The era of giant viruses (Giruses) started in 2003 with the discovery and genome sequencing of the first of them, called Mimivirus1,2 (for Microbe Mimicking virus), originally mistaken for a new amoeba-resisting intracellular parasitic bacteria (reviewed in ref 3). The main common features of Giruses are their large pseudo-icosahedral capsids (with diameter > 400 nm), most often enclosed in a thick (≈100 nm) layer of fibers, a large double-stranded DNA genome (≈a million bp) and a large gene content (approximately 1000 genes). Few have been characterized in details, but all the Mimivirus-like isolates replicate from large circular intracytoplasmic virion factories, as previously described for poxviruses.4 For Mimivirus and its nearly identical relative Mamavirus, these cell-like virion factories can themselves be infected by a new type of satellite virus called “virophage”4,5. The last, but not the least of the unique puzzling features of Mimivirus is the presence of many genes coding for central elements of the translation apparatus, until now thought to be an absolute trademark of cellular organisms.

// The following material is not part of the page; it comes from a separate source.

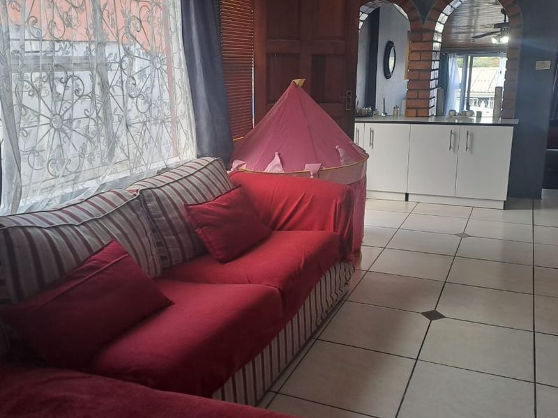 Family-friendly living in Buffalo Flats, East London, steps from schools, Empilweni Healthcare and Spar — low-maintenance yard and fully walled with full camera security; five bedrooms, two baths, double garage.

Mimivirus, for instance, encodes 4 aminoacyltRNA synthetases (for Arg, Cys, Met, and Tyr). This finding, among others, triggered a heated debate on the evolutionary origin of these viruses,5-8 opposing the traditionalists school viewing them as tremendously efficient pickpockets of cellular genes,9 up to the most extreme views of those claiming them as evidence of a fourth domain of life,10 or as a dismissal of darwinism.11 Our discovery and genomic sequencing of Megavirus chilensis, a girus with an even larger capsid, genome size and gene content,12 first demonstrated that the oddities observed in Mimivirus and its closest relatives are not anecdotal, but intrinsic features shared by more distant giant viruses, and inherited from their common ancestor. Among these, the most significant is the presence of the same four aminoacyl-tRNA synthetases found in Mimivirus, together with three more, including the IleRS, also found in the third known largest virus infecting the heterotrophic marine protozoan Cafeteria roenberbengis.13 These findings strongly support a scenario whereby these large DNA viruses all evolved from an ancestral cellular genome by reductive evolution.
Only 15 mo separated the water sampling in Chile (mid-April 2010) from the submission of the complete annotated Megavirus genome sequence to GenBank (mid-July 2011). This was made possible by the combination of two short read sequencing approaches that nicely complement each other: the Roche 454-titanium and the Illumina Hiseq techniques. Nowadays, most of de novo microbial whole genome sequences are produced using the 454 platform. This technology provides long-enough sequence reads to rapidly obtain few contigs of reasonable lengths. Unfortunately the technology is also error prone within homopolymeric regions, ultimately leading to frequent frame shift errors when annotating protein coding genes. Therefore finishing may be quite cumbersome, involving numerous PCR, or worse conventional library-based Sanger sequencing, in order to correct for sequencing errors and close gaps. This is obviously highly labor intensive.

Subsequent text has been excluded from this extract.